Он развернулся и пошел прочь, а Оля еще долго смотрела ему вслед, понимая, что теряет его навсегда.
Ваня несколько дней не ходил в школу. Утром он как обычно завтракал, собирался и выходил из дома в положенное время, но вместо того, чтобы идти в ставшую ненавистной школу, садился в метро и катался по кольцевой линии.
Одна за другой мелькали станции; сменяли друг друга пассажиры, но Ваня смотрел на грязный пол перед собой и ничего не замечал. Под стук колес лучше думалось, а подумать Ване надо было о многом. Он представлял себе своих настоящих родителей: кем они были и почему так поступили с ним? Может быть, их толкнула на это нужда, а может быть, молодость и глупость?
Потом Ваня думал о своих маме и папе, о тех, кто его вырастил. Они молчали все это время, и их можно понять. Не всякая правда нужна, и Ваня предпочел бы никогда ее не узнать.
«Невозможно, чтобы я был неродным, – в сотый раз говорил себе он. – У меня ведь такая же походка, как у папы, вразвалку. У меня глаза голубые мамины…» Но он понимал, что эти мысли – всего лишь жалкие попытки зацепиться за прежнюю жизнь, которая закончил ась навсегда.
Когда пошла вторая неделя его отсутствия в школе, классный руководитель позвонил домой, чтобы выяснить, что с ним случилось.
– Он здоров… – растерянно отвечала мама. – Он не пропустил ни одного дня…
Она положила трубку, вытерла мокрые руки о передник и устало опустилась на стул. Ею овладело нехорошее предчувствие. Что-то должно случиться, что-то, что навсегда исковеркает их жизнь. «Где он может быть?» – спрашивала она себя и не находила ответа. Она позвонила мужу на работу и рассказала о том, что случилось.
– Я немедленно выезжаю, – сказал он. – Мы должны во всем разобраться.
А ей не хотелось ни в чем разбираться. Она до смерти боялась этих звонков из школы, ей было нужно только одно – чтобы все оставили их в покое.
Ваня пришел домой в обычное время, кинул сумку в прихожей и прошел в свою комнату. К его удивлению, и мама, и папа были дома, они сидели на диване и как будто ждали его возвращения.
– Привет всем, – с наигранной веселостью сказал Ваня. – Тебя сегодня раньше отпустили? – обратился он к папе.
Но тот не ответил, снял очки и стал нервно их протирать.
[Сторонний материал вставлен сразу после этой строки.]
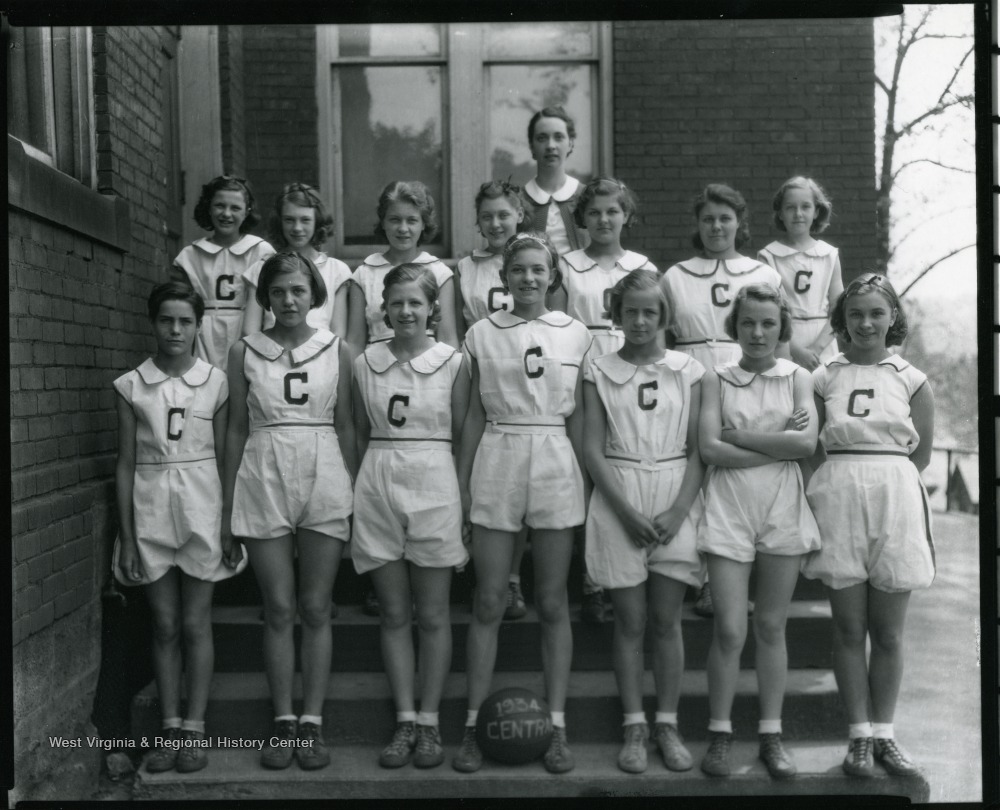 - Members of a Girls Basketball team in Grafton, West Virginia, pose for a group portrait.
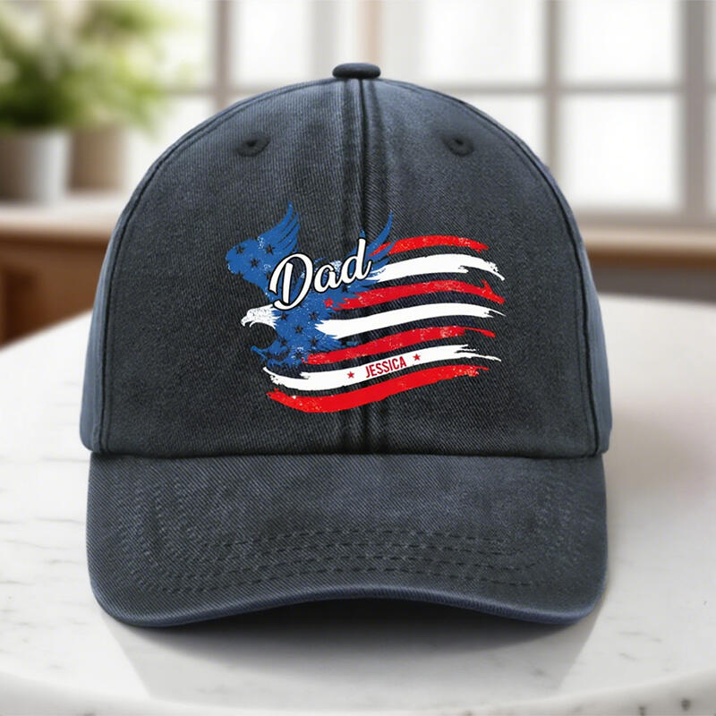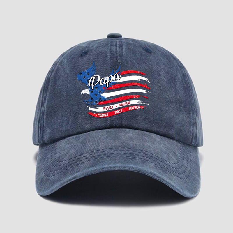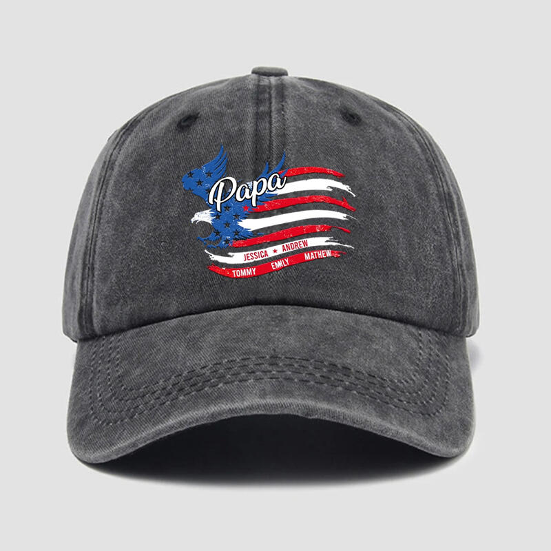 Sombrero personalizado con águila volando y nombres personalizados. Diseño creativo para el 4 de julio. Regalo para la familia.

– Звонили из школы, – тихо сказала мама. – Говорят, что ты туда не ходишь целую неделю.
Ваня подошел к окну и посмотрел во двор. Проехала машина и обдала грязью прохожего, а тот сердился, что-то кричал и размахивал портфелем. Ваня невольно улыбнулся, наблюдая за этой сценой.
– Сынок, что случилось? – с тревогой спросила мама. Ей не нравилось ни его молчание, ни эта странная, неуместная улыбка. – Тебя кто-то обидел?
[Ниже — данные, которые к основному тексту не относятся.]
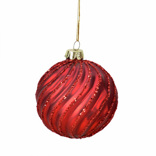 En nydelig rød julekule med elegant, virvlende mønster pyntet med glitrende detaljer. Den matte og blanke kombinasjonen gir en eksklusiv dybde og gjør kulen til et vakkert blikkfang på juletreet eller i juledekorasjoner.
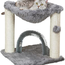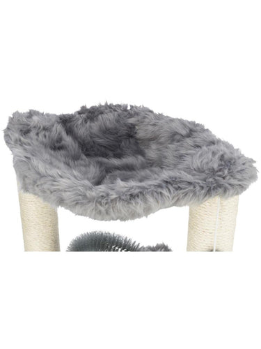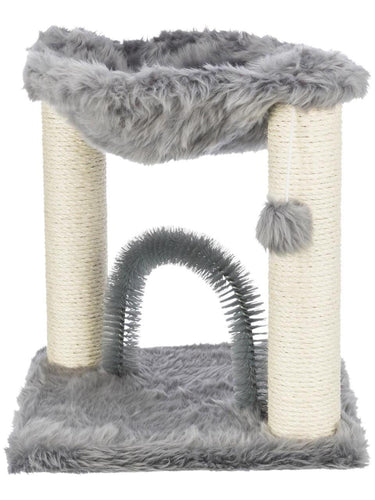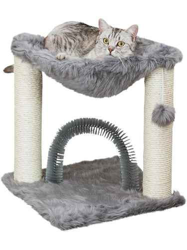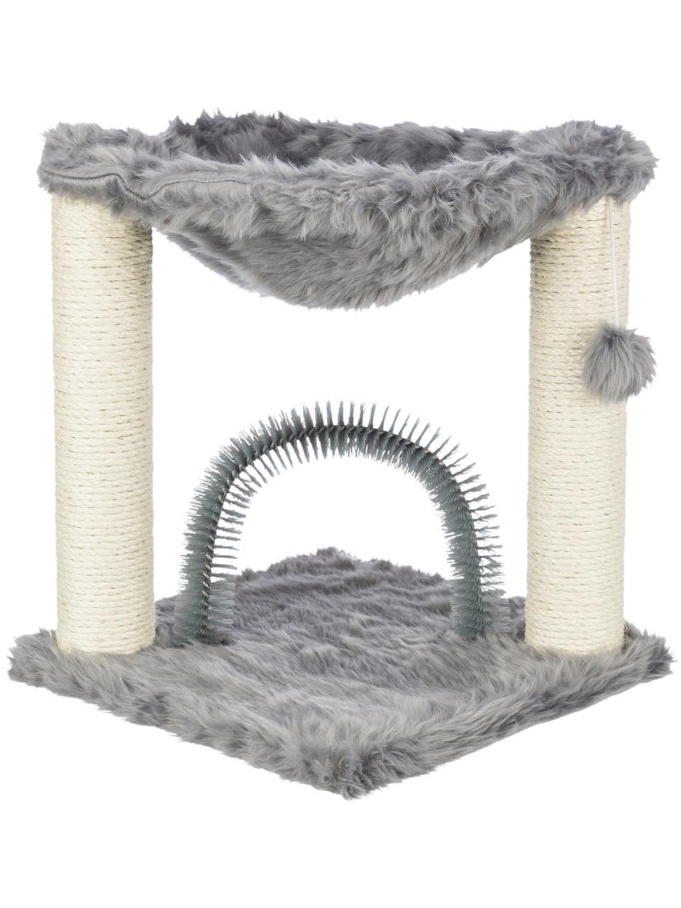 – stolper for kloring og klatring samt en koselig hengekøye for hvile. Høydepunktet på dette kattetreet er imidlertid pelspleiebuen, som er et optimalt alternativ til en børste og fremmer naturlig pelspleie. De slitesterke bustene masserer og pleier kattens hud og pels, og fjerner på den måten løse hår.
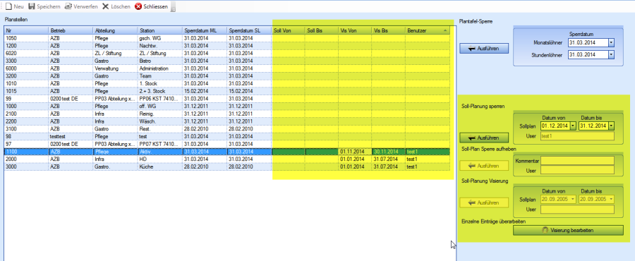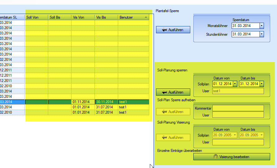 - Solange die Sperre existiert, kann in diesen Perioden keine weitere Planung oder Zeitmutation in den Plantafeln gemacht werden.
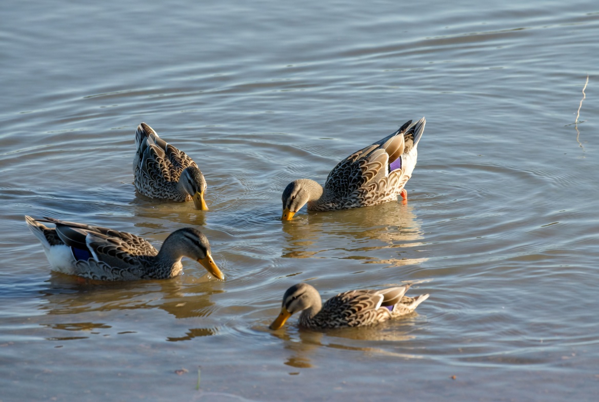 animal behavior, avian, birds, ducks, fauna, feeding, food, habitat, lake, nature, outdoor, pond, ripples, searching, sunlight, swimming, tranquility, water, wetland, wildlife
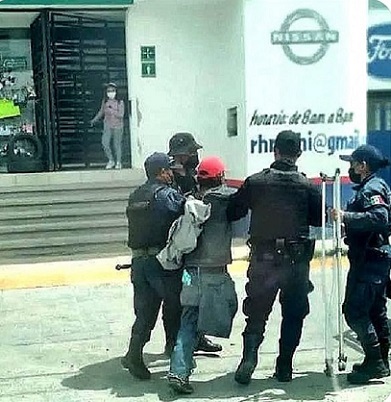 Oaxaca, Oaxaca, Domingo 05 de Marzo, 2023 (Fuente: Wilfrido Kantú).- La policía municipal de Asunción Nochixtlán, de la región Mixteca de Oaxaca, por órdenes del presidente, detuvieron a una persona discapacitada, al no tener una pierna y necesita apoyarse con muletas.
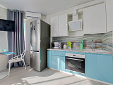Площадь квартиры, представленной вашему вниманию, составляет 33 м2. Пространство здесь поделено на изолированную спальную комнату и гостиную, объединенную с зоной кухни. На самом деле отличное решение для проживания и отдыха в лучшем курортном городе на берегу моря.

– Нет, все в порядке, – ответил Ваня.
Он с детства знал, что мужчина должен быть сильным и терпеливым, должен не хныкать и не подавать виду, что ему трудно.
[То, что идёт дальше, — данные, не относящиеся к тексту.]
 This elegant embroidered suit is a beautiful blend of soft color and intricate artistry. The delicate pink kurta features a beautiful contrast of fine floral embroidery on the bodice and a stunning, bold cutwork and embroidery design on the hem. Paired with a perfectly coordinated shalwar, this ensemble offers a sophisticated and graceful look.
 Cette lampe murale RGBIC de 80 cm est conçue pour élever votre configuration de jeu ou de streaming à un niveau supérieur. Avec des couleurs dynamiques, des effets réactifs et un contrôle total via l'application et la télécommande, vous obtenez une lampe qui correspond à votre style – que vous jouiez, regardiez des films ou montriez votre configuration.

– Где ты был эту неделю? – спросил папа. – Зачем нас обманывал?
– Я катался в метро. По кольцу, – признался Ваня. – Не хотелось идти в школу. Я… не мог.
– Так бы и сказал, – строго проговорил папа. – Если у тебя трудности с учителями или с ребятами, мы бы разрешили тебе остаться дома, да еще бы записку написали, что ты болен. Зачем лгать, тем более нам с мамой?
И тут, неожиданно для самого себя, Ваня сказал:
- А кто сейчас не лжет? – Он почувствовал, что должен остановиться, но уже не Мог. – Разве вы не обманывали меня все эти годы?
Родители переглянулись. В глазах у мамы был страх, а папа снова надел очки. Наверное, так он чувствовал себя более защищенным.
– Что… что ты имеешь в виду? – спросил он.
– Не надо, я все знаю, – сказал Ваня и снова посмотрел в окно.
Незадачливый прохожий пытался отчистить свой бежевый плащ, когда другая машина снова обдала его из лужи.
– Так я и знала, – тихо сказала мама. – Знала, что когда-нибудь это должно случиться.
Она закрыла лицо руками и заплакала, но никто не бросился ее утешать. Больно было всем, и жгучее страдание отделяло их друг от друга, превращая из дружной семьи в троих одиноких, несчастных людей.
– Откуда ты узнал? – спросил папа, не глядя на сына. – Кто посмел…
– Это неважно, – перебил его Ваня. – Теперь вся школа только об этом и говорит. Поэтому мне не хотелось туда ходить.